Alerted by the superintendent at John Littig and Lynne Rosen’s Brooklyn, N.Y., apartment building, New York City police found the seemingly happy spouses dead in their home Monday at 11:11 a.m. with plastic bags over their heads.

That their professions were based on promoting happiness and fulfilled lives has made the suicides even more confounding.

Each one had left a suicide note, an NYPD spokesman said, but because the investigation is ongoing, police have declined to reveal the contents.

Rosen, 46, was a consultant and radio talk-show host, according to her personal website. She was previously a psychotherapist-consultant at Inner Power Concepts. Littig, 48, was also a life coach, as well as a motivational speaker, workshop facilitator and a music artist who performed under the name Jadex.

Littig used his experiences as a teacher and performer to “help people find their inner confidence, and build on their real talents and competencies to reach their highest potential,” according to Rosen’s website.

The two frequently worked together. Rosen hosted a call-in talk show, “The Pursuit of Happiness,” on the New York City radio station WBAI. Littig often joined her as a co-host for the show, which focused on personal development.

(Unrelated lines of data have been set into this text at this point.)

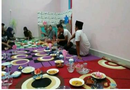
Gambar 4. Syukuran dan makan bersama
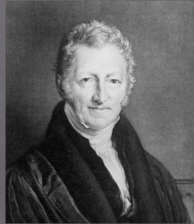
Томас Роберт Мальтус 1766 — 1834
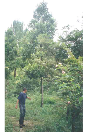
« Varongy fotsy » ( Ocotea racemosa ) 9 taona, nambolena tao Ranomafana-Ifanadiana
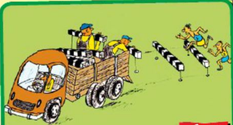
Рисунок В. Солдатова

На всех смотрит свысока. Гордо рассекает толпу массивным бюстом, волооча на поводке мужа, обвешанного детьми, кошками и собаками. На встрече с любовником приводит детей и мужа, оставляя их поиграть в гостиной, пока она «поговорит о деле» в спальне. Для интимных отношений малопригодна из-за привычки регулировать

They also co-founded “Why Not Now,” which their website describes as a life coaching business “designed to help foster and encourage your inner strengths, identify hidden and untapped resources, and put you confidently on the path to designing the life you’ve always wanted to live.”

The double suicide shocked the couple’s Park Slope neighborhood, where few neighbors appeared to have known them.

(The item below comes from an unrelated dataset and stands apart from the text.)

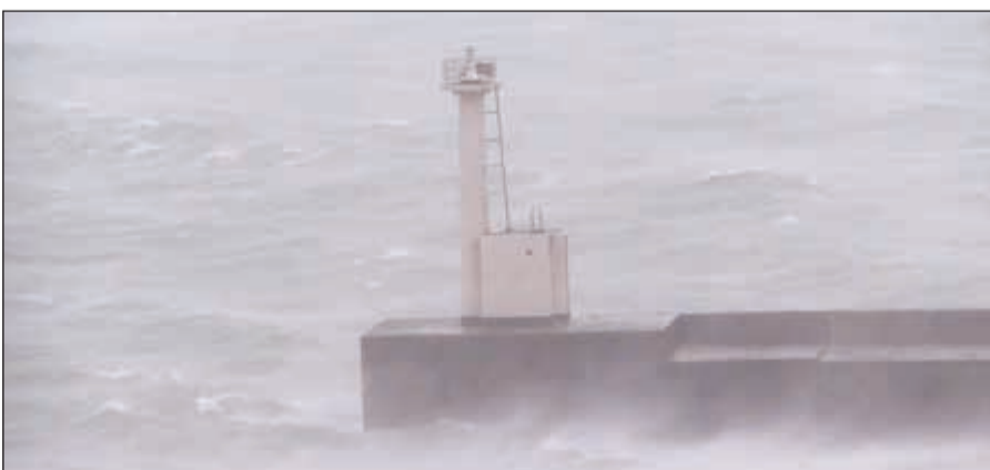
الإعصار ترامي تسبب في حصول اضطرابات كبيرة على صعيد شبكات النقل في غرب اليابان

Lois Katz, who lives across the street from the couple’s apartment but had never met them, said she was shocked that a double-suicide could happen so close to her.

“It had never happened in this neighborhood,” said Katz, 81, who has lived in the Park Slope section of Brooklyn for nearly 50 years.

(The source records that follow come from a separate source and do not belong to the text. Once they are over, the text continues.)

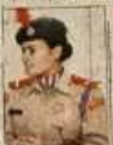
अपराजिता कार्यक्रम में भाग ले रही महिला।

कार्यक्रम में अमर उजाला के अध्यक्षों ने महिलाओं को देश सेवा के लिए सेना में भर्ती होकर देश सेवा के लिए कदम बढ़ाएं महिलाएं का संदेश दिया गया। कार्यक्रम में पीजी कॉलेज की छात्राओं को देश सेवा के लिए सेना में भर्ती होकर देश सेवा के लिए कदम बढ़ाएं महिलाएं का संदेश दिया गया।
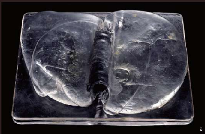
1. 西方へ/1994年/百合、桔梗、サルビア、ユウカリ、菫、金盞花、自作ガラス 撮影：中川幸夫 2. ぼくの思慕記/1990年/椿人鏡 撮影：高橋章 3. 花神に/1975年頃/椿人鏡 撮影：高橋章 4. 船/1975年/貝、自作ガラス、撮影：新居義久 5. 花坊主/1973年/カーネーション800本、自作ガラス 撮影：牧直視
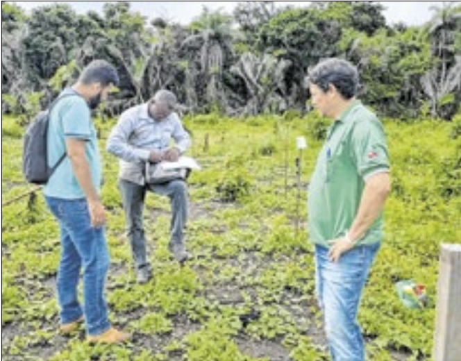
900 famílias em 13 comunidades são acompanhadas
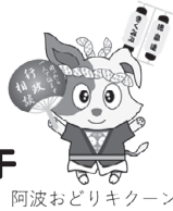
阿波おどりキーン

“I am shocked that someone who is a psychotherapist would have committed suicide,” she said on learning of Rosen’s profession.

But Dr. Peter Kanaris, a clinical psychologist and the coordinator of public education for the New York State Psychological Association, said “no particular group of people is immune to suicide, including mental health professionals.”

Noting that suicide rates among the middle-aged are rising, Kanaris said, “what’s always been a problem is becoming more of a problem and a case like this brings it to public attention.”